Ce comportement n'est pas seulement arbitraire. C'est dévastateur pour l'ordre public local. Il présente l'appartenance ethnique comme critère de légitimité judiciaire. Et de la manière la plus irresponsable, le président dit à tous, tant à l'intérieur qu'à l'extérieur du Kosovo, qu'un Serbe ne peut être fiable dans une institution constitutionnelle.

Que se passera-t-il demain si un rapporteur judiciaire albanais décide pour un Serbe qui a présenté une demande à la Cour constitutionnelle? Son affirmation selon laquelle l'Albanais est unilatéral sera-t-elle acceptée? Y aura-t-il une symétrie de la même réaction des silencieux d'aujourd'hui ?

Ce n'est plus une question de décision formelle. Il s'agit d'une question qui touche le cœur de la coexistence institutionnelle dans un pays fondé sur la confiance dans le bon fonctionnement des institutions. Et le président, au lieu de défendre cette fondation, s'avance pour se protéger d'une possible interprétation judiciaire qu'il n'aime pas.

Les dégâts sont colossaux. Les institutions serbes tiennent déjà une déclaration qui fait que le Kosovo ressemble à un pays qui discrimine un membre du tribunal uniquement parce qu'il est serbe, sans procédure, sans processus, sans aucune décision juridique. Et ce n'est pas la faute de Radomir Laban. La culpabilité est celle qui a fait la déclaration. C'est lui qui a placé l'appartenance ethnique sur le principe de justice.

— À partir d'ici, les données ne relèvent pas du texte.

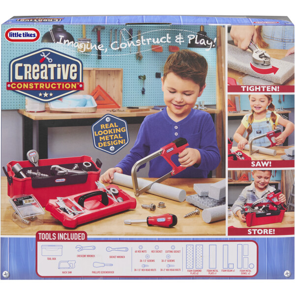 Pakkaus sisältää 10 realistista työkalunosaa, mukaan lukien saha, jakoavain, hylsyavainsarja ja työkalupakki säilytystä varten. Lisäksi mukana on vaahtomuovipaloja, jotka näyttävät metallilta, eri muodoissa, joita lapset voivat ruuvata ja sahata - ilman sotkua. Mukana tulee opas, jossa on helppotajuiset ohjeet.

Aucun gouvernement sérieux ne fait face à un président qui pend contre le mur de l'État juste parce que le juge dans son cas ne l'aime pas.

Aujourd'hui, le pays reste sans réponse : Radomir est-il un danger national ? Si oui, pourquoi en a-t-il fait partie et pourquoi est-ce encore un juge constitutionnel? Sinon, pourquoi le président l'attaque-t-il de cette façon ?

L'État travaille sur la preuve ou l'émotion. Et l'émotion du Président aujourd'hui est le plus grand risque pour l'ordre constitutionnel qu'il a déclaré protéger.

Au lieu de renforcer l'État devant quiconque le viole, il affaiblit l'État pour se protéger d'une interprétation juridique qui ne peut le contrôler.

Au lieu d'utiliser ce poste pour assurer le sérieux institutionnel, il l'utilise pour discréditer sérieusement l'une des institutions les plus importantes laissées fonctionnelles.

C'est l'effondrement le plus évident du principe d'égalité devant la loi. C'est l'usage le plus vulgaire du nationalisme pour échapper à une confrontation judiciaire. Et pour cela, aucune explication politique et aucune consolation publique ne suffisent. Parce que les dommages sont déjà institutionnels et internationaux.